<<<<

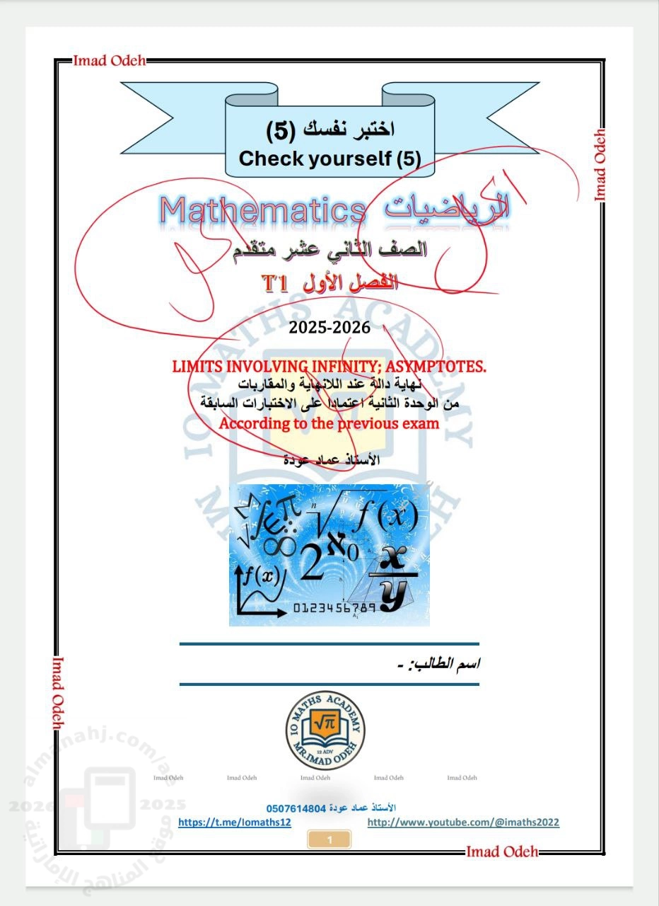 | حل مراجعة الدرس الخامس Limits involving infinity, asymptotes نهاية دالة عند اللانهاية والمقاربات من الوحدة الثانية (اختبر نفسك 5) - إعداد: عماد عودة | ||
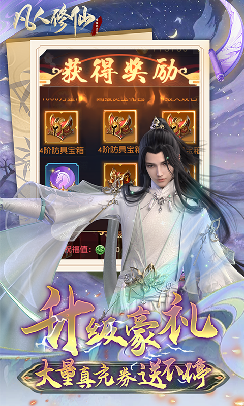 ★进游-战力礼包:银鳞仙姬100、固元玉5、天命突破选择礼包25、初阶 谕命石40、中阶谕命石25、高阶谕命石10、元神宝箱50、天命宝箱50
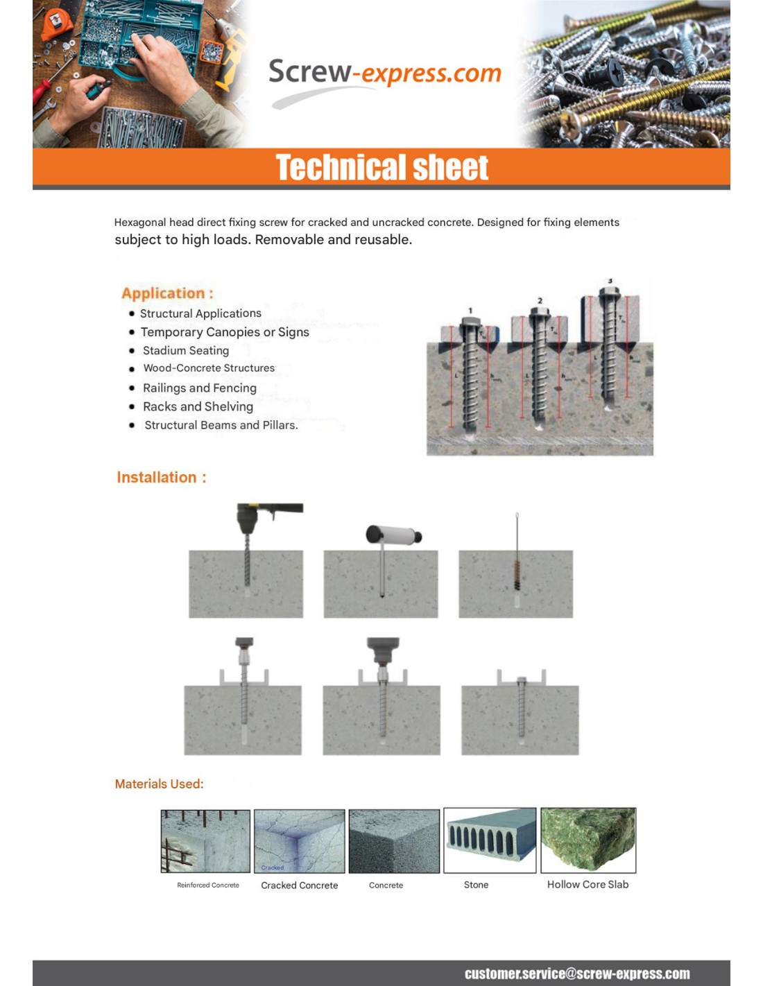 1 x Screw For Concrete Hexagonal Head Flange T15 10X100 Zinc Plated
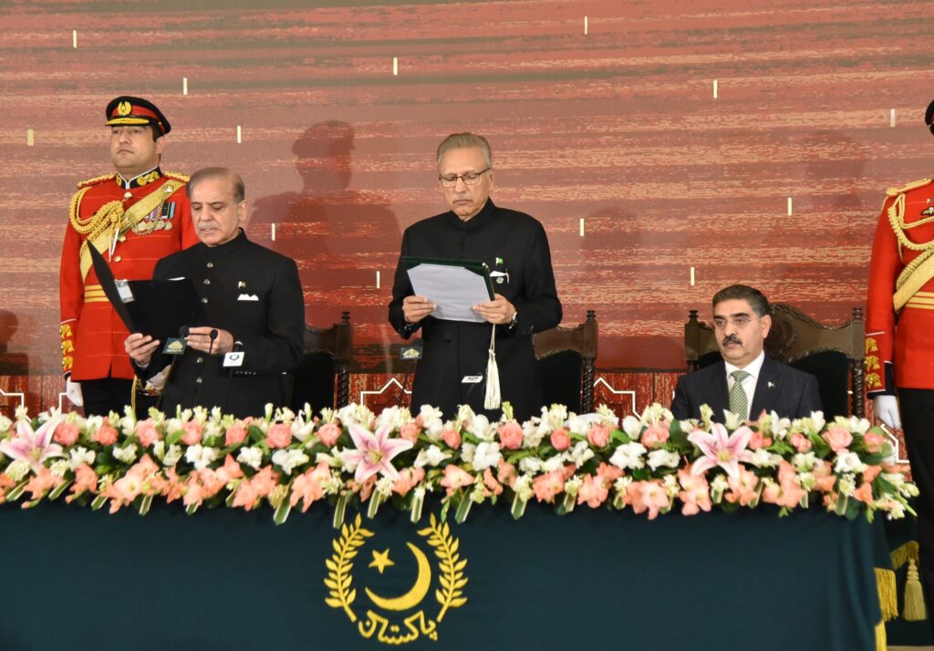 ISLAMABAD : President of Pakistan Muslim League-Nawaz Muhammad Shehbaz Sharif on Monday took the oath as the Prime Minister of Pakistan. Pakistan. President Dr Arif Alvi administered the oath of office to Shehbaz Sharif, who was elected to the country’s top office for the second time. Held at the Aiwan-e-Sadr, the swearing-in ceremony was attended by outgoing Caretaker Prime Minister Anwaar-ul-Haq Kakar and his cabinet members, parliamentarians, Chairman of Joint Chiefs of Staff Committee, services chiefs, governors, chief ministers and diplomats. PML-N Quaid Muhammad Nawaz Sharif, President of Pakistan Peoples Party Parliamentarians Asif Ali Zardari, Pakistan Peoples Party Chairman Bilawal Bhutto Zardari, other political leaders including Hamza Shehbaz, Aleem Khan, Raja Zafarul Haq, Ahsan Iqbal and Khawaja Muhammad Asif, and senior officers also attended the ceremony.
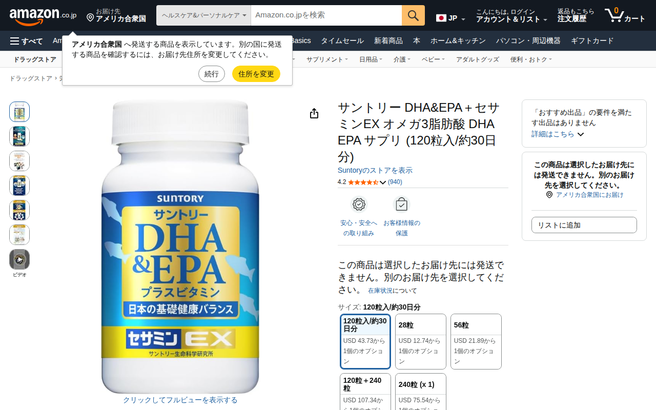 Suntory サントリー DHA&EPA+セサミンEX オメガ3脂肪酸サプリ 120粒
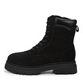 Актуальные черные ботинки на шнуровке. Комбинация бархатистого спилка и глянцевой искусственной кожи создает стильную разницу текстур. Модель утеплена натуральной шерстью. Высокая рифленая подошва из материала ТЭП обеспечивает устойчивость на любой поверхности. Для облегчения процесса надевания обуви предусмотрена молния.
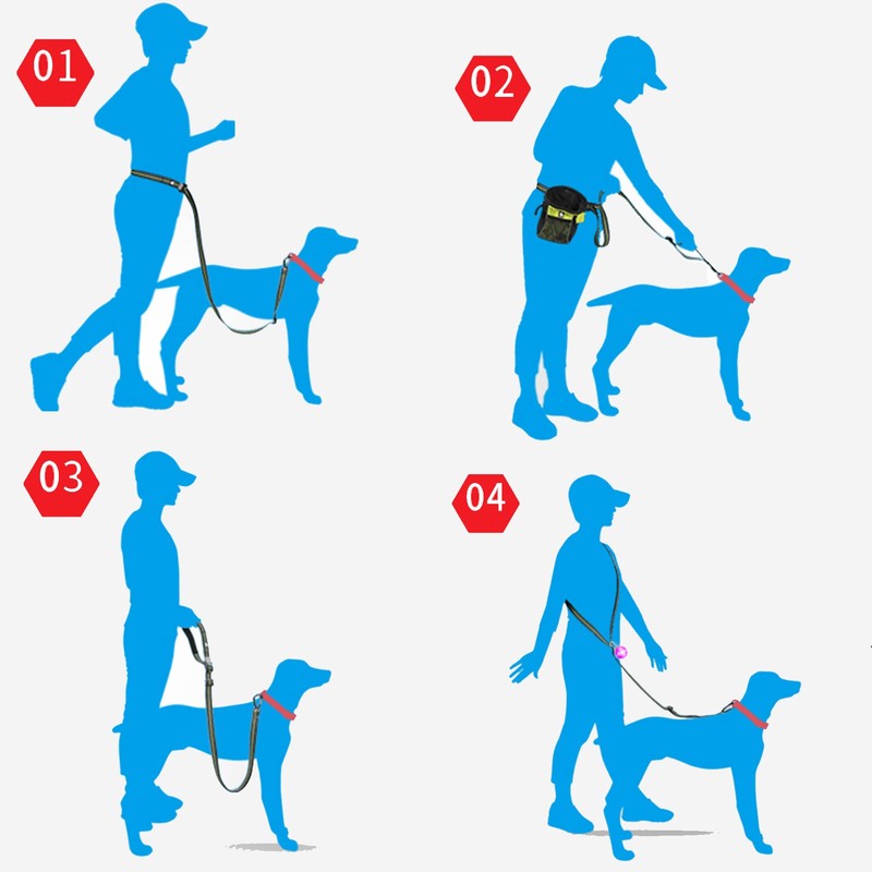 - Flexible bungee:Made for medium & large dogs,the leash that absorbs shocks and allows you to control it without breaking stride. Provided with a strong, yet flexible bungee, and stainless steel clips, this hands-free dog leash is for those of you who like jogging and brisk walking.
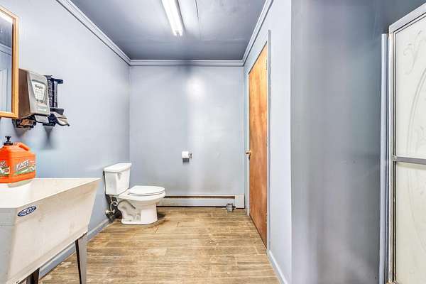 Incredible opportunity to own a well-maintained, metal-frame warehouse situated on 5.1 acres along Main Road North in Frankfort. This expansive building offers clear span construction with a 22' eave height and 25' peak, ideal for contractors, mechanics, fabricators, or business owners in need of serious space. Features include three drive-thru overhead doors, radiant floor heat, and a primary heating system powered by an external wood-burning hot water furnace, with an oil-fired backup on site. The building is fully insulated, in excellent condition, and move-in ready. Power is available at the road, and three-phase power is nearby. Conveniently located just 20 minutes from Bangor and I-95, this property combines functionality, space, and strategic location for a variety of business or personal uses.

>>>>

_TASK GOAL:_ Output the records exactly. Drop the images.

_SOLUTION TO THE EXERCISE:_
 | حل مراجعة الدرس الخامس Limits involving infinity, asymptotes نهاية دالة عند اللانهاية والمقاربات من الوحدة الثانية (اختبر نفسك 5) - إعداد: عماد عودة | ||
 ★进游-战力礼包:银鳞仙姬100、固元玉5、天命突破选择礼包25、初阶 谕命石40、中阶谕命石25、高阶谕命石10、元神宝箱50、天命宝箱50
 1 x Screw For Concrete Hexagonal Head Flange T15 10X100 Zinc Plated
 ISLAMABAD : President of Pakistan Muslim League-Nawaz Muhammad Shehbaz Sharif on Monday took the oath as the Prime Minister of Pakistan. Pakistan. President Dr Arif Alvi administered the oath of office to Shehbaz Sharif, who was elected to the country’s top office for the second time. Held at the Aiwan-e-Sadr, the swearing-in ceremony was attended by outgoing Caretaker Prime Minister Anwaar-ul-Haq Kakar and his cabinet members, parliamentarians, Chairman of Joint Chiefs of Staff Committee, services chiefs, governors, chief ministers and diplomats. PML-N Quaid Muhammad Nawaz Sharif, President of Pakistan Peoples Party Parliamentarians Asif Ali Zardari, Pakistan Peoples Party Chairman Bilawal Bhutto Zardari, other political leaders including Hamza Shehbaz, Aleem Khan, Raja Zafarul Haq, Ahsan Iqbal and Khawaja Muhammad Asif, and senior officers also attended the ceremony.
 Suntory サントリー DHA&EPA+セサミンEX オメガ3脂肪酸サプリ 120粒
 Актуальные черные ботинки на шнуровке. Комбинация бархатистого спилка и глянцевой искусственной кожи создает стильную разницу текстур. Модель утеплена натуральной шерстью. Высокая рифленая подошва из материала ТЭП обеспечивает устойчивость на любой поверхности. Для облегчения процесса надевания обуви предусмотрена молния.
 - Flexible bungee:Made for medium & large dogs,the leash that absorbs shocks and allows you to control it without breaking stride. Provided with a strong, yet flexible bungee, and stainless steel clips, this hands-free dog leash is for those of you who like jogging and brisk walking.
 Incredible opportunity to own a well-maintained, metal-frame warehouse situated on 5.1 acres along Main Road North in Frankfort. This expansive building offers clear span construction with a 22' eave height and 25' peak, ideal for contractors, mechanics, fabricators, or business owners in need of serious space. Features include three drive-thru overhead doors, radiant floor heat, and a primary heating system powered by an external wood-burning hot water furnace, with an oil-fired backup on site. The building is fully insulated, in excellent condition, and move-in ready. Power is available at the road, and three-phase power is nearby. Conveniently located just 20 minutes from Bangor and I-95, this property combines functionality, space, and strategic location for a variety of business or personal uses.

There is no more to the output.